Get your data ready for charts with Python

Arrow containing different data figures


Python is my data analysis language of choice. After using ParseHub to collect huge databases of JSON from online sources, I then use Python’s great libraries like pandas and matplotlib to get the data ready to visualize. In this tutorial, I’ll give you a few examples of how you can use Python’s datetime library to convert extracted dates and times into a format that is understood by your computer. With this tool you will be able to make visuals that change over the past, present, and future.

This example will use data from the table found on this Wikipedia page, which includes the date that each one of the current members joined the United Nations.

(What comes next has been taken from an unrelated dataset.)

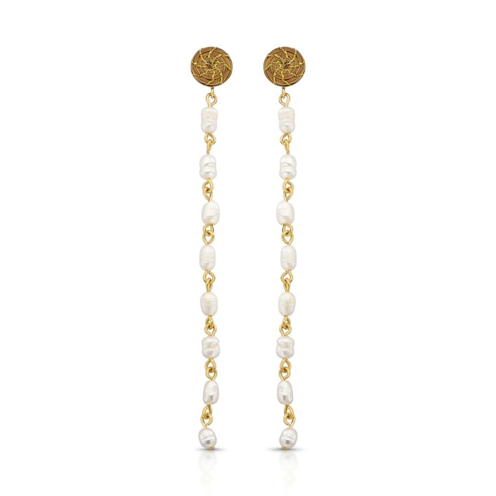 These earrings are handwoven from golden grass and golden nylon thread. They are made of 18K gold plated recycled brass and are nickel-free and hypoallergenic. They feature freshwater pearls.

I will show you how to get it ready for visualizing by converting all of the strings in the date columns into datetimes.

I scraped the table using ParseHub, which allows me to download the extracted data as JSON.

The next step is to import the libraries you will need into Jupyter notebook.

import math
import pandas as pd
import pylab as pl
import numpy as np
import json
import datetime

Python’s pandas library has a function read_json to import JSON into a pandas data structure. I used it to first import the data oriented as one column:

data = pd.read_json(‘UN_members.json', orient='columns')

Next, each cell will be read as an index:

data = pd.read_json(data['states'].to_json(), orient='index')

For this example, I would like to calculate how long each country has been a member of the UN, so I add a blank column called “time” to my DataFrame.

time = pd.Series(None, index = data.index, name = 'time') data = data.join(time)

You can’t calculate anything with the dates found in the “admission” column just yet, because they are still being stored as strings. Luckily, pandas has a function to_datetime that will be able to convert them to a computer readable datetime variable, as long as you tell it what the format of each date is.

In this case, the format is the day, followed by a space, then the name of the month, then another space, then theyear. Using this reference, I know that the format is written: “%d %B %Y”

I’ll first find today’s date with the datetime today function. Then will use a for loop, which will convert each date string into datetimes and calculate the number of days it has been since that date, one index at a time. Indexing a pandas DataFrame can be done in many different ways, but for this loop I used: dataframe.loc[index, column name]

for i in data.index :

    data.loc[i, 'admission'] = pd.to_datetime(data.loc[i, 'admission'], format="%d %B %Y")
    data.loc[i, 'time'] = date - data.loc[i, 'admission']

I then sorted my data frame by length of membership, found in the “time” column, and alphabetical order of the country names.

data = data.sort_values(['time', 'name'])

Now my data is ready to be exported, analyzed and visualized! I decided to visualize this particular data as a highly interactive map using HighChart’s Highmaps.

One way to associate a country to its location on a map using Highmaps is to use its ISO country code. I found a set of data from one of the Highmaps examples that had the name of every country along with their associated country code.

I imported this data as a list, converted it to json using python’s dumps function and then to a pandas DataFrame using the read_json function.

# converts lists into json
country_codes = json.dumps(country_codes)
# converts json into dataframe
country_codes = pd.read_json(country_codes)

In the UN DataFrame, I had to change some of the country names, because the two sources didn’t always use the exact same names. There could have been an elegant way to do this with regex, but I simply hard coded the changes.

data.loc[data['name'] == 'East Timor', 'name'] = 'Timor-Leste'
data.loc[data['name'] == 'Macedonia', 'name'] = 'Macedonia, FYR'
data.loc[data['name'] == 'Slovakia', 'name'] = 'Slovak Republic'
# etc...

After that I was able to join the two DataFrames, giving me one with the time data as well as the country codes.

joined = pd.merge(data, country_codes, how='inner', on='name')

All I need for the visualisation is country code and times, so I selected those columns and then changed the column names. I changed their names to “hc-key” and “value”.

new_data = pd.concat([joined['code'].str.lower(), joined['time']], axis=1)
new_data.columns = ['hc-key', 'value']

Using the datetime days function, I was able to turn each datetime object into an integer number of days.

for i in new_data.index:   
    new_data.loc[i, 'value'] = new_data.loc[i, 'value'].days

I exported the DataFrame as JSON into my python directory to save it.

export = new_data.to_json('UN_data.json', orient='records')

From there it was ready to bring into a Highmaps visual. I copied and pasted the saved JSON, but it could have just as easily been imported from a URL.

I gave my map navigation buttons bottom left and a color center bottom center of the chart.

It also has a hover state, so that the countries change color when hovered over, as well as a tool tip that explicitly states the number of days. You can see the full code in the JavaScript tab below and see how easily it comes together.

Of course, this just displays the number of days until the day the data is extracted. ParseHub allows you to schedule runs every day so that your data stays up to date. The data can also be collected using ParseHub’s API options using HTTP GETs to make integration onto your website completely automated.

This example is just one of the many ways that plotting over time can be made possible with datetimes, but every project is a little different – let me know which date and time data you visualize!